Search code examples
pythonmachine-learningscikit-learndata-scienceone-hot-encoding

ValueError: Shape mismatch: if categories is an array, The error is not resolved even after specifying the columns as indexes


    trf1=ColumnTransformer([("Infuse_val",SimpleImputer(strategy="mean"),[0])],remainder="passthrough")
    trf4=ColumnTransformer([("One_hot",OneHotEncoder(sparse=False,handle_unknown="ignore"),[1,4])],remainder="passthrough")
    trf2=ColumnTransformer([("Ord_encode",OrdinalEncoder(categories=["Strong","Mild"]),[3])],remainder="passthrough")
    trf3=ColumnTransformer([("scale",StandardScaler(),[0,2])],remainder="passthrough")
    pipe = Pipeline([
        ('trf1',trf1),
        ('trf2',trf2),
        ('trf3',trf3),
        ('trf4',trf4),
    ])
    pipe.fit(x_train,y_tarin)

Error

ValueError: Shape mismatch: if categories is an array, it has to be of shape (n_features,).

The table is

enter image description here

I don't understand what's the error here in my code?


Solution

  • The error isn't about the column transformers, it's about the OrdinalEncoder. categories needs to be a list of lists: for each column, the list of categories in that column. Since you have just one column, categories=[["Strong","Mild"]] should work.
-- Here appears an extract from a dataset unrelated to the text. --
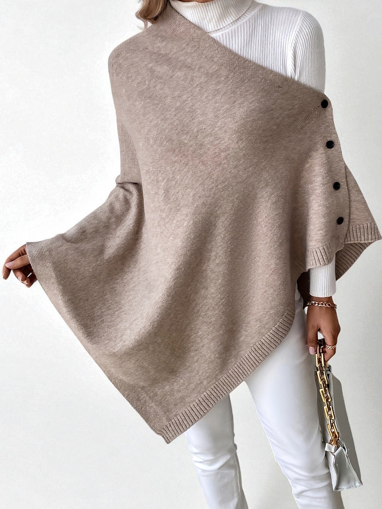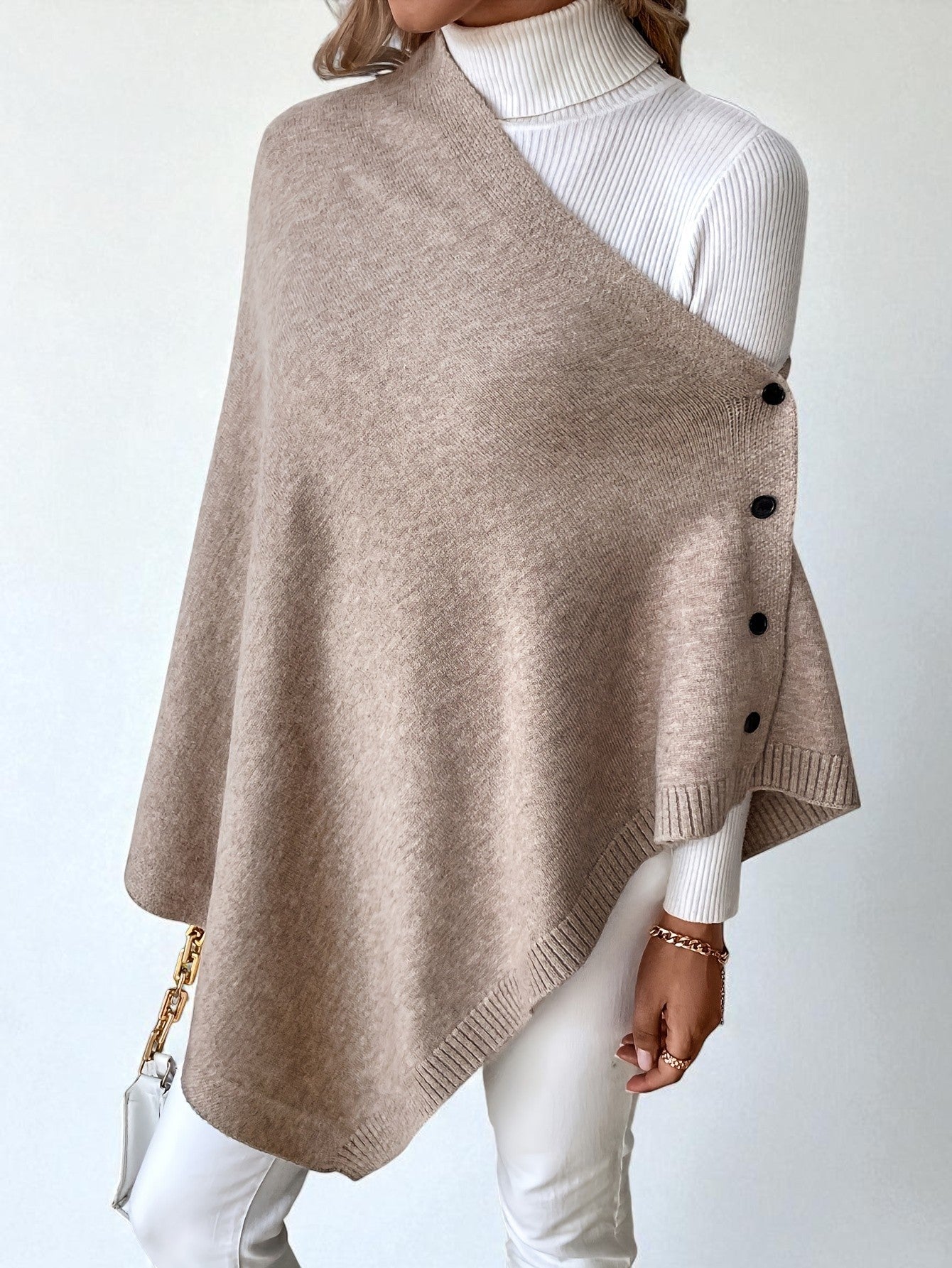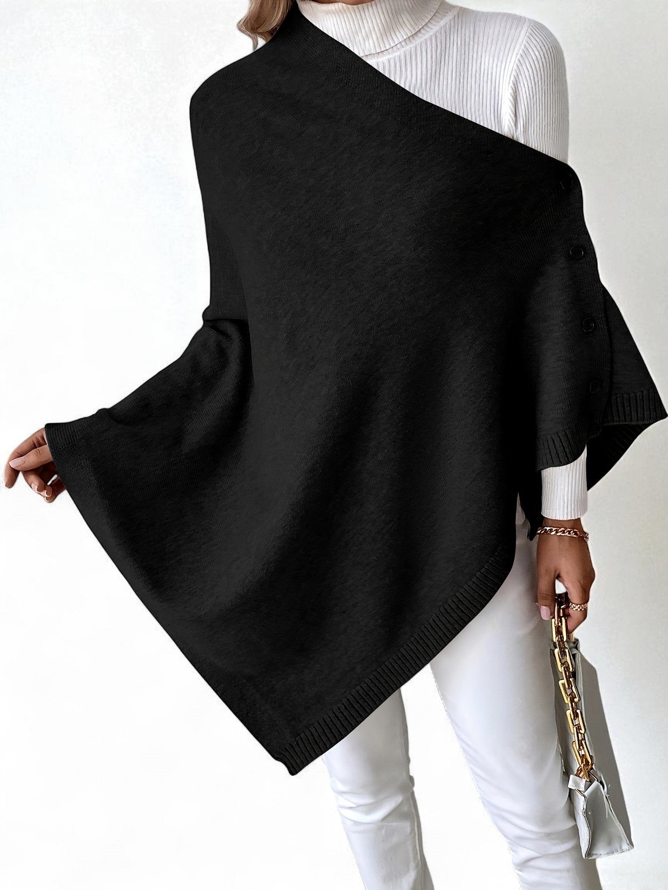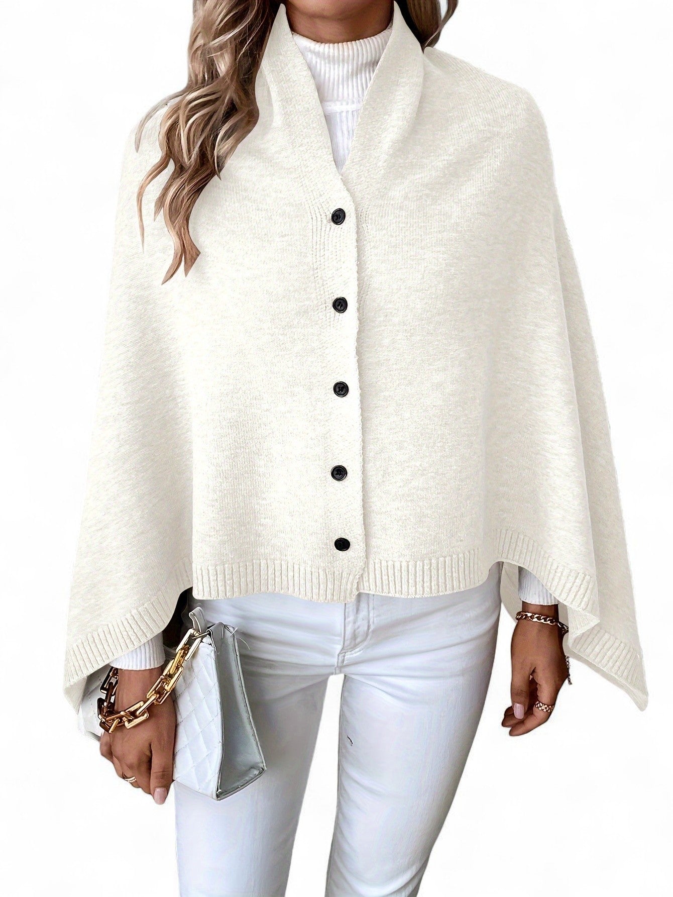 - Effortless layering piece – transforms into a shawl, cape, or poncho with simple button adjustments.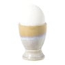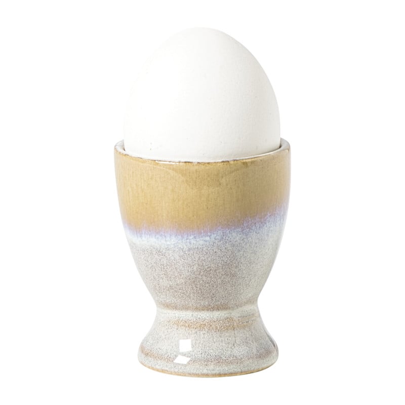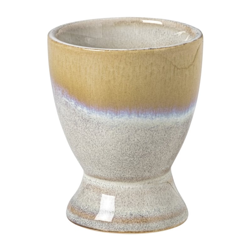 Dit eierdopje is voorzien van reactive glaze, een bijzonder type glazuur dat wordt toegepast bij de productie van deze items. Dit glazuur reageert op de chemische samenstelling van het materiaal en de omgeving tijdens het bakproces, waardoor elk item een unieke afwerking krijgt.

    With just two categories, most subsequent algorithms won't care which one is 0 or 1, so here you could just use the default auto.

    Finally, you'll have problems with your column transformers. The change the order (and names) of the columns, so by the end of the pipeline, scaling columns 0 and 2 might not be the two numeric columns. The column order is predictable (transformers in order followed by passthrough), so you could manually keep track. But I would suggest a single column transformer with multiple pipelines instead.